Читать книгу Короткая фантастическая жизнь Оскара Вау - Джуно Диас - Страница 4

1
Один
Фанат из гетто на краю света
1974–1987 годы
Дебильная преисподняя

Оглавление

В старших классах Оскар учился в школе с техническим уклоном имени Дона Боско, и, поскольку это католическое учреждение для мальчиков было под завязку набито закомплексованными гиперактивными подростками, для толстого фаната НФ Оскара школа «Дон Боско Тек» служила источником бесконечных мучений.
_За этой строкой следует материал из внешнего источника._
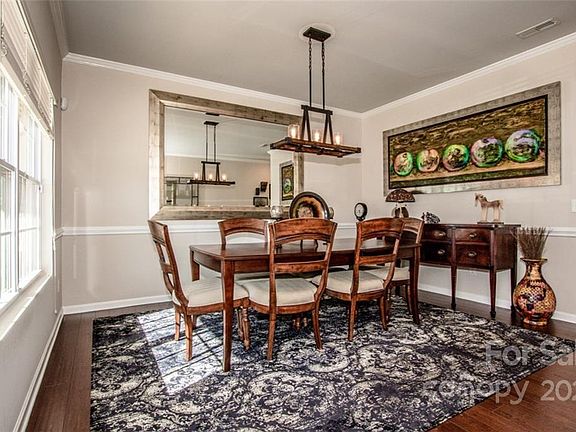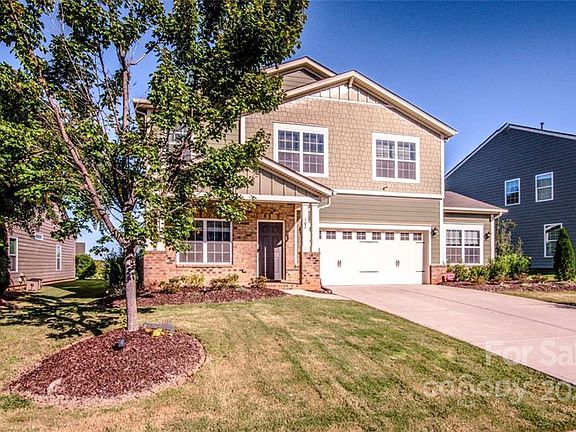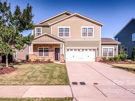 Motivated seller! Huge price decrease! Don't miss this Former Model Home. Enjoy the rocking chair porch and fully landscaped, fenced yard. Inside you are welcomed by beautiful hardwood floors, updated lighting and an open floor plan. The family room area has a cozy gas fireplace. The kitchen has granite countertop, glass cabinet and the island is great for entertaining. The computer niche also works great as a coffee or wine bar. Upstairs you will find a spacious laundry and large loft/landing area. The large primary suite with four other bedrooms. The fifth bedroom has French doors and would be perfect to an upstairs office space. The garage has an additional 10x20 extension with a half bath. Plus, recessed lighting, built-in cabinets and finished wall. This was formally the builder’s office space. This is not included in the home’s square footage. This home is a quick walk to the community pool. Mooresville Graded Schools and close to downtown Mooresville.

В глазах Оскара школа была доскональным воспроизведением народной средневековой забавы, когда человека в колодках выставляют на обозрение толпы и тупые оголтелые придурки разнузданно оскорбляют его, попутно швыряя в несчастного чем ни попадя. Казалось бы, такой опыт должен был закалить Оскара, но не закалил, – и если из этой ежедневной пытки и можно было извлечь, пусть не без труда, какой-нибудь урок, Оскар так и не понял, в чем он заключался. Занятия он посещал исправно, как и подобает толстому одинокому задроту, мечтая лишь об одном – о том дне, когда ему вручат аттестат и отпустят с миром, положив конец этому кошмару. «Эй, Оскар, а на Марсе есть педики?» «Эй, толстожопый, получай! Ну как, по кайфу?» И когда он услыхал выражение «дебильная преисподняя», то сразу сообразил, где она находится и кто ее обитатели.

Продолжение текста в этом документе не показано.